Creswell could not get the company or his own superiors to respond to his warnings. Finally, he took his concerns privately to Bradford and a second NRC commissioner. They met on March 22, 1979. "The Three Mile Island accident was six days away," Bradford said.
Creswell told the Kemeny investigators after the accident, "within the decision-making structure of the NRC [there is] a reluctance to come to grips with very serious safety issues." The commission was more interested in promoting nuclear power than regulating it, the panel concluded.
Hopes that the lessons of Three Mile Island had been learned throughout the nuclear power industry were floored in 2002 by a potentially devastating breach of a reactor vessel at Ohio's Davis-Besse plant, the same one that had prompted Creswell's unheeded warnings three decades earlier.
This emergency was caused by extended leakage of acid-laden cooling water through cracks in a sleeve the top of the steel reactor vessel, which ate away a football-sized cavity in the vessel. It threatened the same emergency loss of cooling water that doomed Unit 2 at Three Mile Island.
The NRC staff had previously been alerted to possible boric acid corrosion issues at Davis-Besse and plants of a similar design. It notified plant operators that they would have to shut down for a safety inspection of the issue by Dec. 31, 2001, unless they had already done so.

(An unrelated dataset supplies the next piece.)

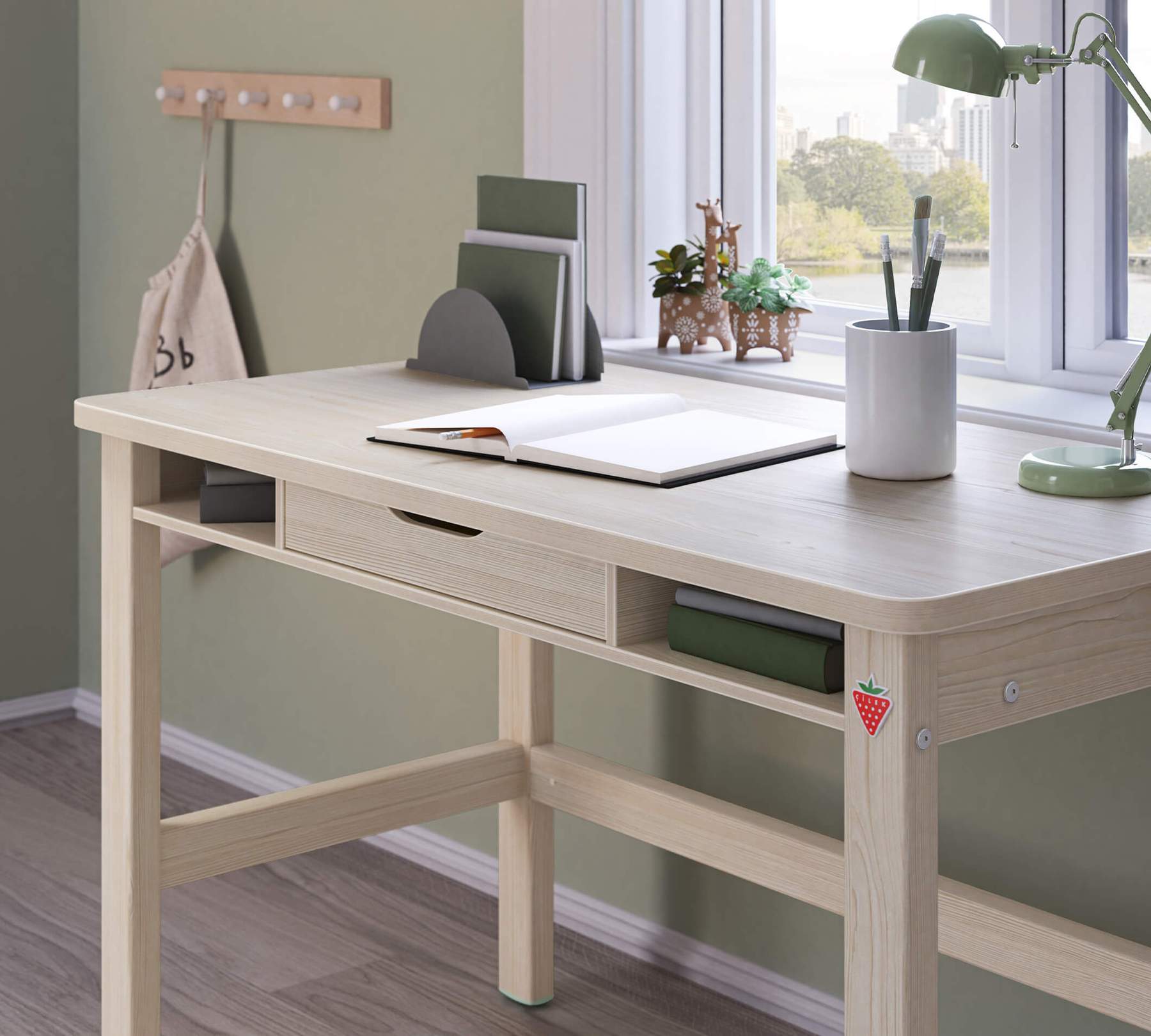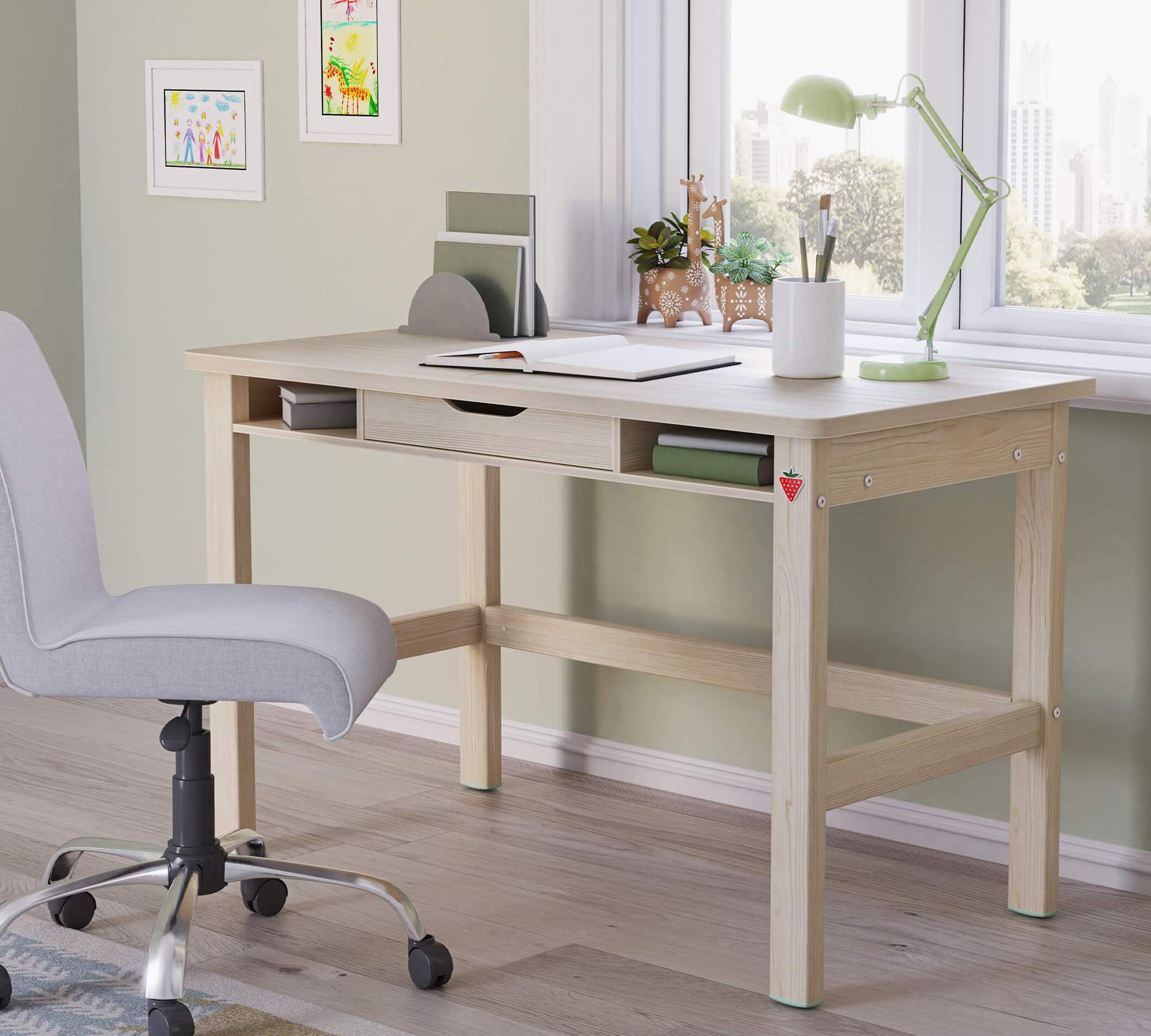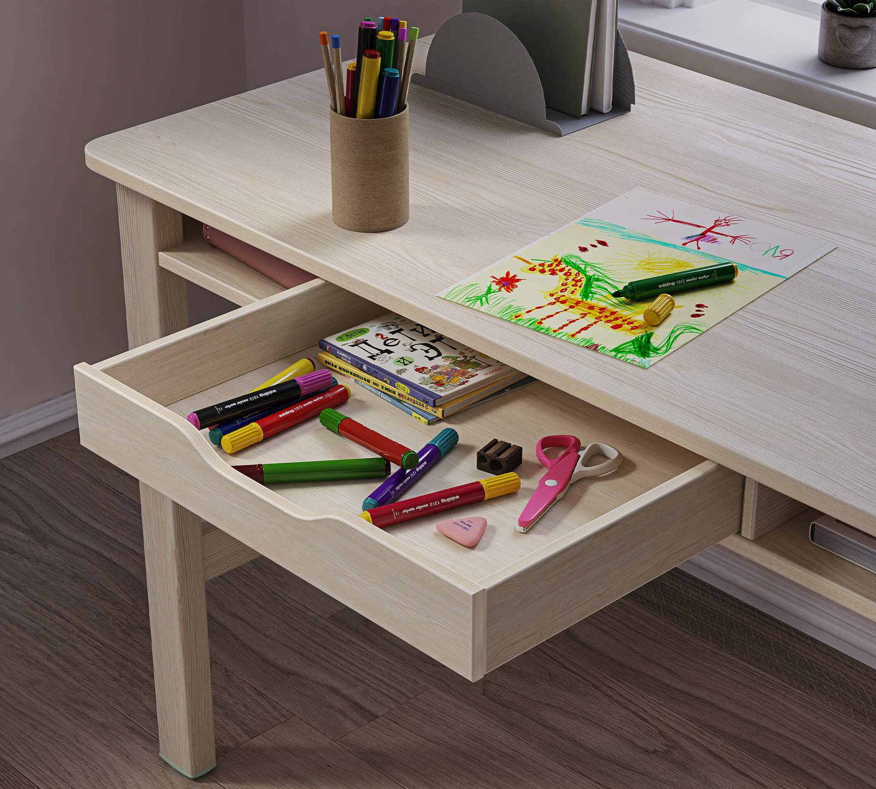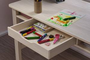 Biroul are un sertar cu role pentru o deschidere si inchidere usoara.

Dominion, the Richmond-based power company, voluntarily idled two nuclear units to make the inspection, winning NRC's praise. But FirstEnergy Corp., owner of the Davis-Besse plant, "fought and clawed every inch of the way," to extend the December deadline, according to an NRC investigator's interview with a NRC inspector. The early shutdown would cause unacceptable costs, FirstEnergy said.
A NRC review body voted to overrule the inspectors, and Davis-Besse was given until mid-February 2002 to do the shutdown and inspection. "At a meeting like that, with your boss and your boss's boss presiding, it takes something to raise your hand and say, 'I think, you know, we should shut them down,'" the unnamed NRC inspector later said.
The football-sized cavity was discovered in March 2002 when the plant was finally closed for inspection, six months after the NRC staff's initial alert. A possible reactor vessel rupture could have been weeks away.
Following investigations, FirstEnergy paid a record $33.5 million in fines to settle civil and criminal complaints. A Davis-Besse engineer and supervisor were convicted of felony charges of willfully giving NRC false information about safety inspections, receiving fines and probation.
"The real lesson of Davis-Besse or even [Three Mile Island] is that we must never get complacent," NRC Commissioner Gregory Jaczko said this month. "Neither event was thought to be probable, or significant, until the very moment when they happened."